(Dataset excerpts)
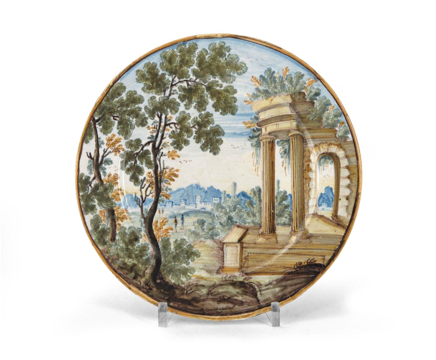A small Castelli maiolica plate mid 18th century, painted with distant figures before a turreted bridge, with overgrown Classical ruins and tall trees to the foreground, 18.2cm.
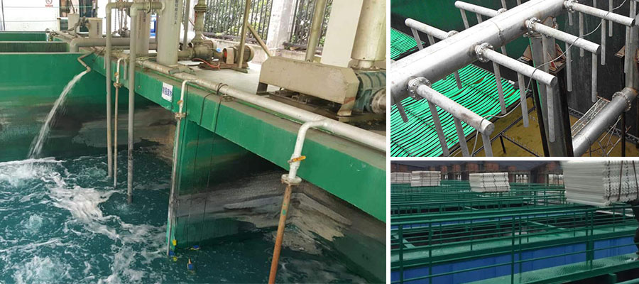 其次,在池體深度和橫梁尺寸問題上,我們在設計時考慮到池體深度有限,膜架均為定制;雖然池內存在橫梁,但我們的膜組件尺寸剛好匹配,很好的解決了布局問題。
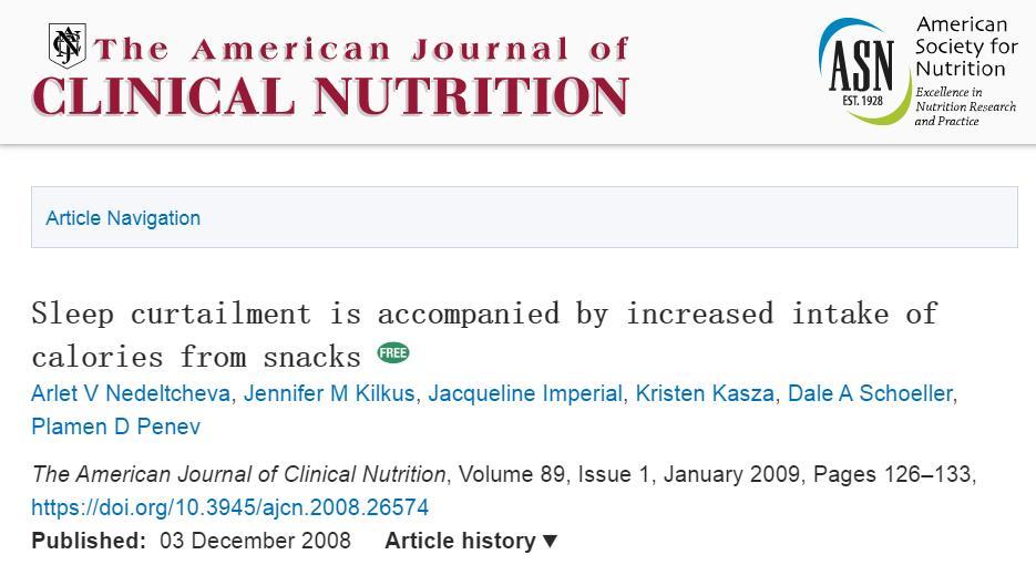 1.《Sleep curtailment is accompanied by increased intake of calories from snacks》
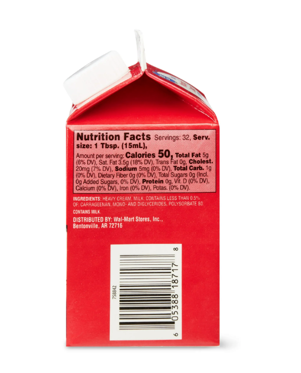 Great Value Heavy Whipping Cream, 16 oz Carton, Refrigerated
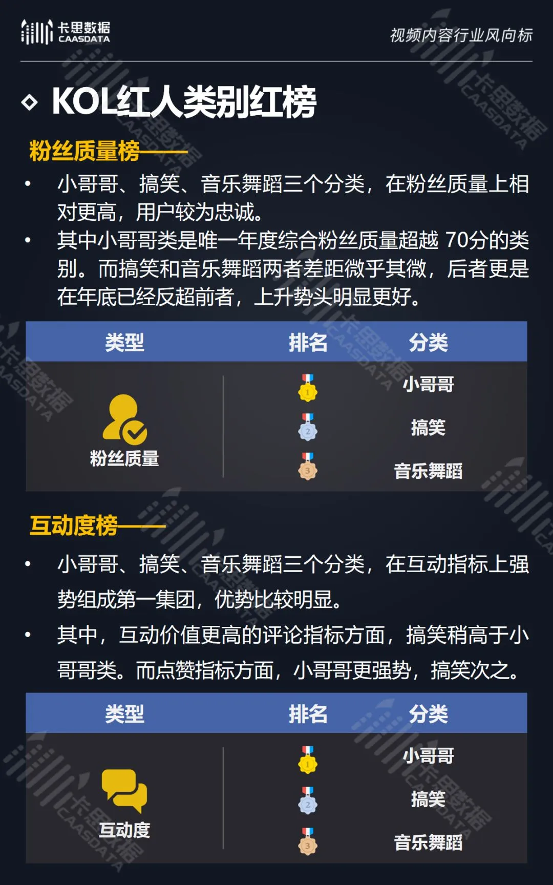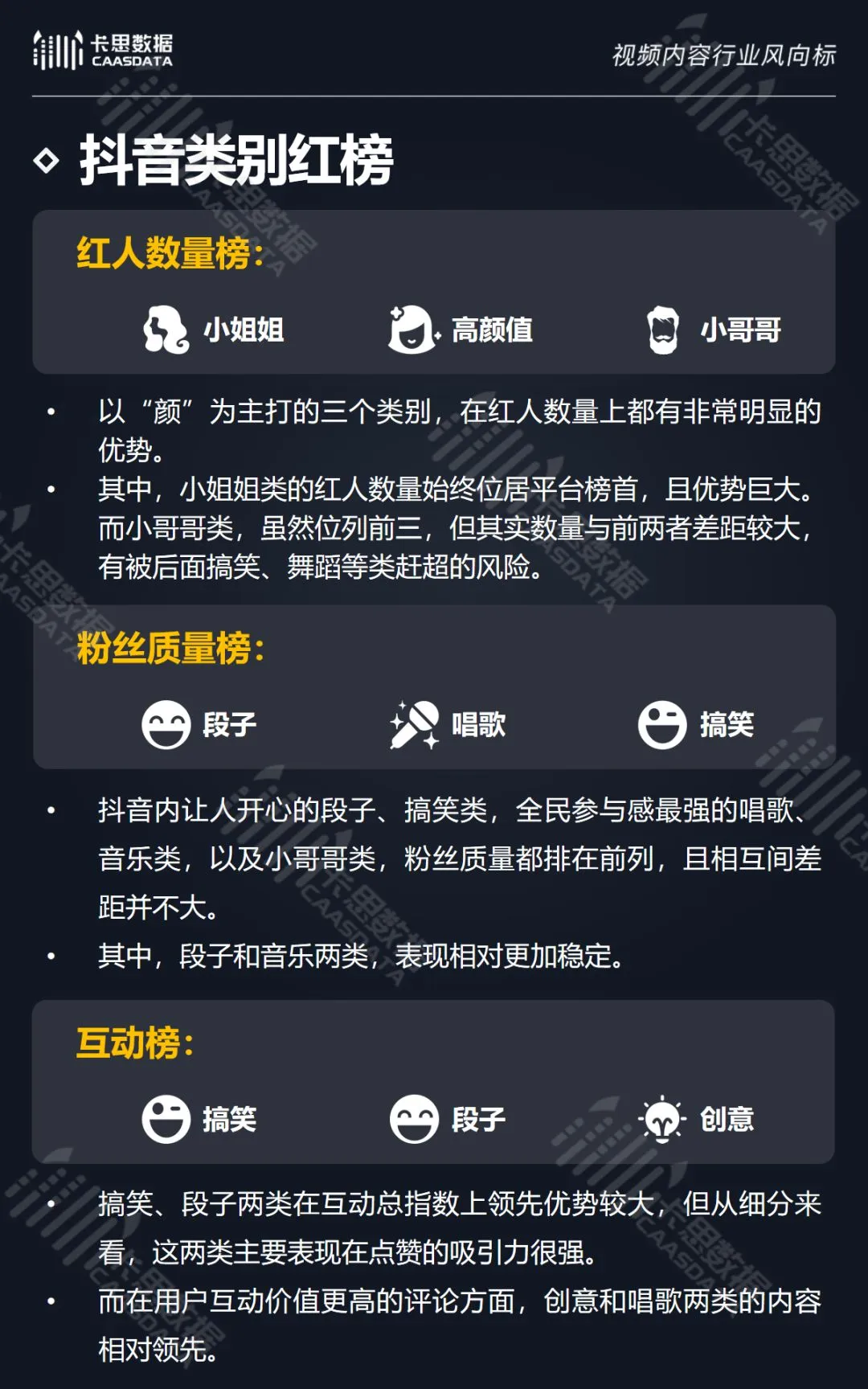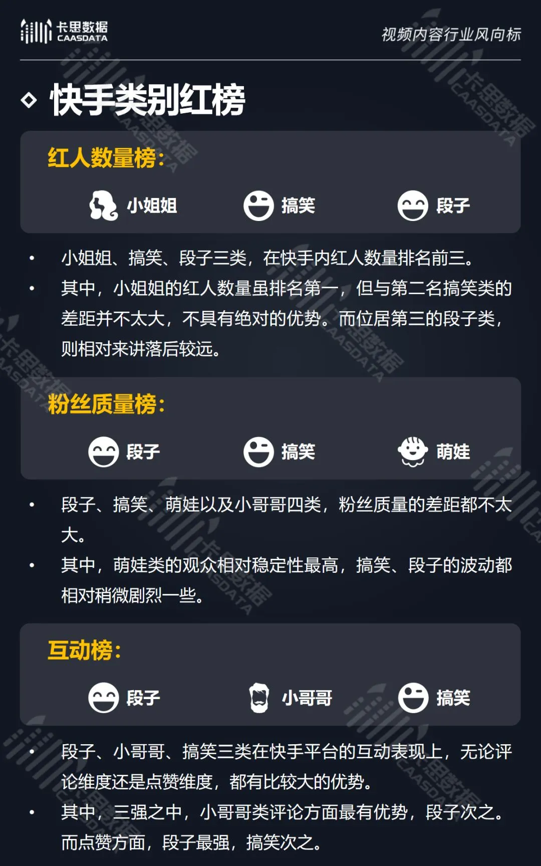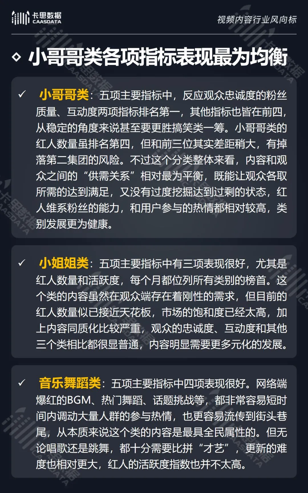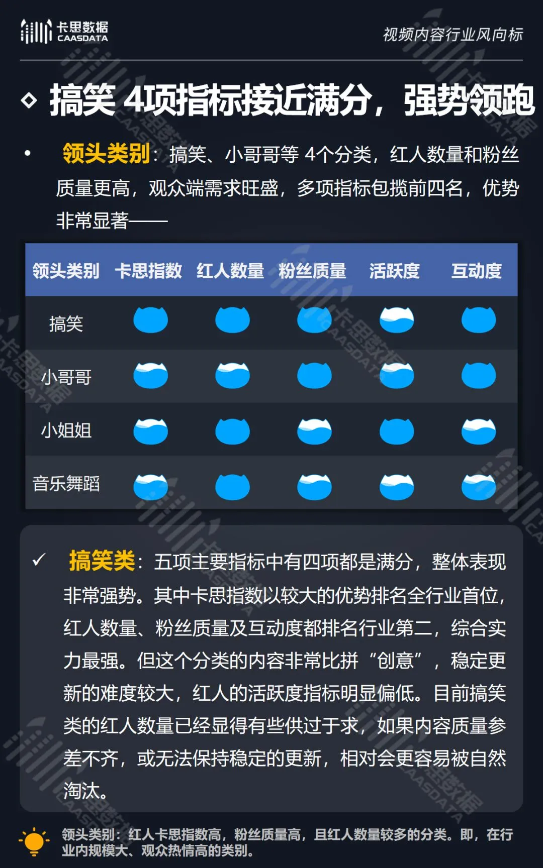 在14个内容分类中,搞笑、音乐舞蹈、小哥哥、小姐姐4类红人的数量和卡思指数在全行业领先。搞笑类四项指标(卡思指数、红人数量、粉丝质量、互动度)接近满分,强势领跑。小哥哥类各项指标表现最为均衡。萌娃萌宠、游戏、美食3类提升空间较大。而用户需求较小的垂类,红人数量少,优质内容严重不足。
(End Dataset excerpts)
■ **Task prompt**: Leaving out the pictures, restate each line of the listing above verbatim, from the opening line to the line bearing "1.《Sleep curtailment is", inclusive, and no more.

■ **Answer below**:
A small Castelli maiolica plate mid 18th century, painted with distant figures before a turreted bridge, with overgrown Classical ruins and tall trees to the foreground, 18.2cm.
 其次,在池體深度和橫梁尺寸問題上,我們在設計時考慮到池體深度有限,膜架均為定制;雖然池內存在橫梁,但我們的膜組件尺寸剛好匹配,很好的解決了布局問題。
 1.《Sleep curtailment is accompanied by increased intake of calories from snacks》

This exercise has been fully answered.